# Green Car Repts Review Notes some Differences between U.S. and European Cruze TD



## Eugene_C (Mar 15, 2012)

This is one of the more comprehensive reviews I've seen so far. I thought this passage was helpful in describing some of the changes made for the U.S. market:



> Many diesel fans have asked, “Why can’t carmakers bring over the diesels they sell in Europe?” The large number of unique components that Chevrolet developed for the U.S. version of its 2.0-liter diesel engine highlights just how different the two markets are.The U.S. version of the engine required many redesigned components to meet tougher U.S. emissions standards and the much greater temperature extremes found on the North American continent.
> 
> Just a few of the components included a new exhaust manifold, different exhaust-gas recirculation, ceramic glow plugs and an optional oil-pan heater for cold starting, a new timing belt and tensioner system, and numerous additional sensors in the exhaust system.
> 
> Chevrolet engineers also remapped the first three gears of the automatic transmission to provide smoother shifts and more seamless power delivery for North American drivers less accustomed to obvious and abrupt gear changes than their European counterparts.

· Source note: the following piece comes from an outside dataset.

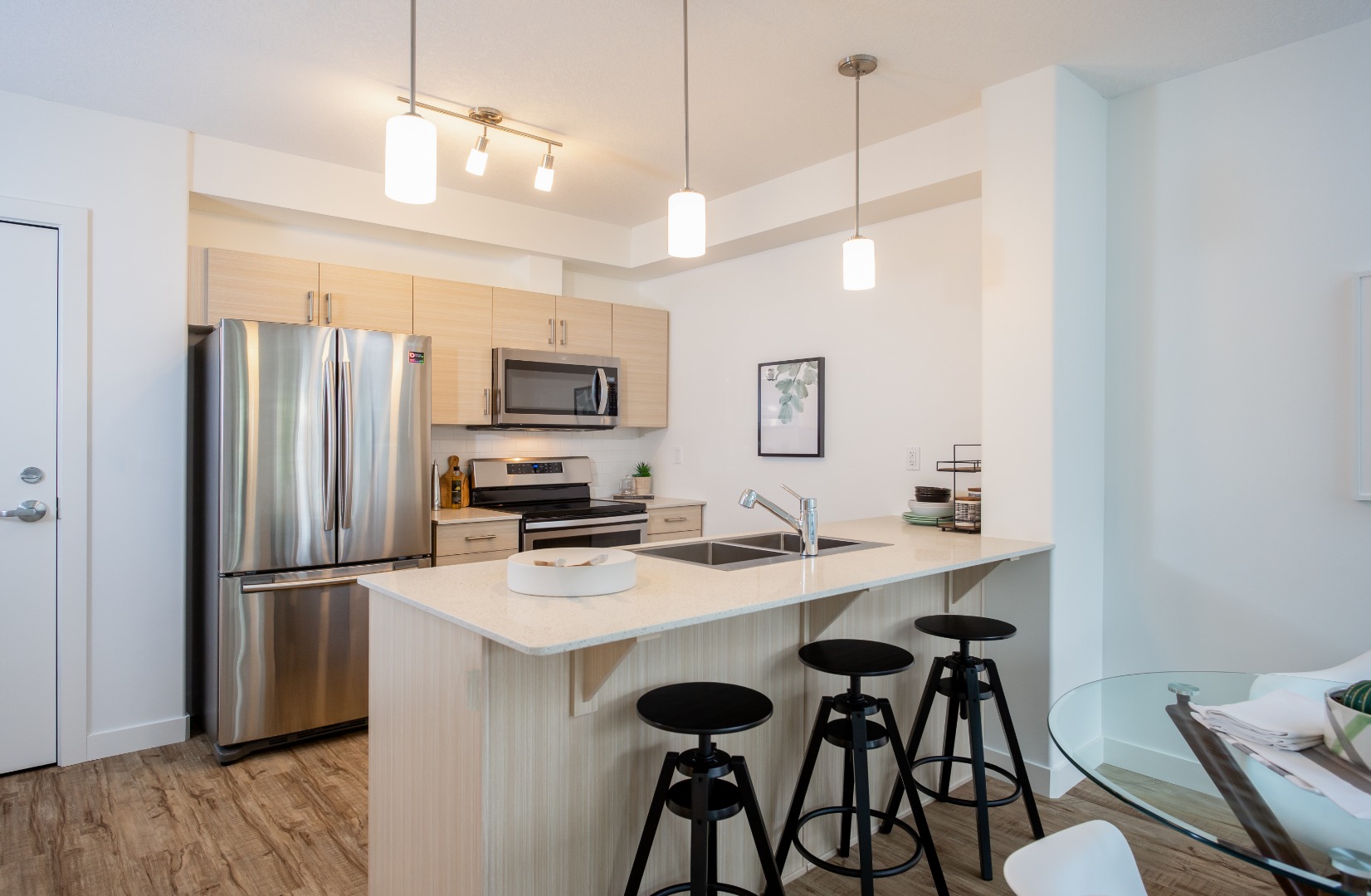 MOVE-IN READY CONCRETE BUILD at Stafford Greens! Discover this spacious 2 bed & 2 bath condo located in the beautiful master planned community of Granville both built by the award winning Alldritt Properties. The community of Granville located West of Edmonton has everything you need right at your doorstep, from shopping, restaurants, cafes, parks & new K-9 school. Located next to the Anthony Henday & Whitemud allowing a quick 30 min drive to Downtown & 10 mins to West Edmonton Mall. This 3rd floor unit has a lrg 108 sqft balcony with gas BBQ hookup perfect for entertaining. The functional living area offers durable wood embossed laminate flooring. The kitchen has designer cabinets with soft close mechanisms, sleek quartz countertops, ample storage throughout plus energy efficient SS appliances. Additional features: A/C, 1 parking stall located in a secure underground heated parkade, secure keyless garage & lobby entrances, protected by the Alberta New Home Warranty Program. Optional upgrades available.

Personally I think die-hard diesel fans would be fine with "Euro-style" diesels, but I can see GM's point also in trying to reach a larger market. 

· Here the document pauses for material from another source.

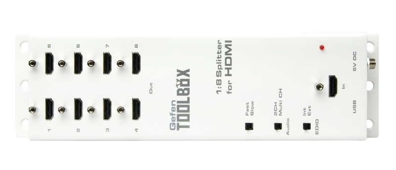 Gefen ToolBox 1:8 Splitter for HDMI with FST and 3DTV. Video Porttyp: HDMI. Produktfarbe: Weiß. Abmessungen (BxTxH): 76,2 x 25,4 x 261,62 mm. Mitgelieferte Kabel: HDMI

FULL ARTICLE: 2014 Chevrolet Cruze Diesel: First Drive (Page 2)


----------



## obermd (Mar 3, 2012)

I think the comment "Chevrolet engineers also remapped the first three gears of the automatic transmission to provide smoother shifts ..." explains the 2011 Cruze Automatic shifting. The Cruze, in it's current form, had been running around the rest of the world for two years and when GM brought it to the US they didn't consider the differences in driver expectations. This may also explain why we don't see nearly as many reports of hard shifting from non US/Canadian members here - they don't expect glass smooth shifting.


----------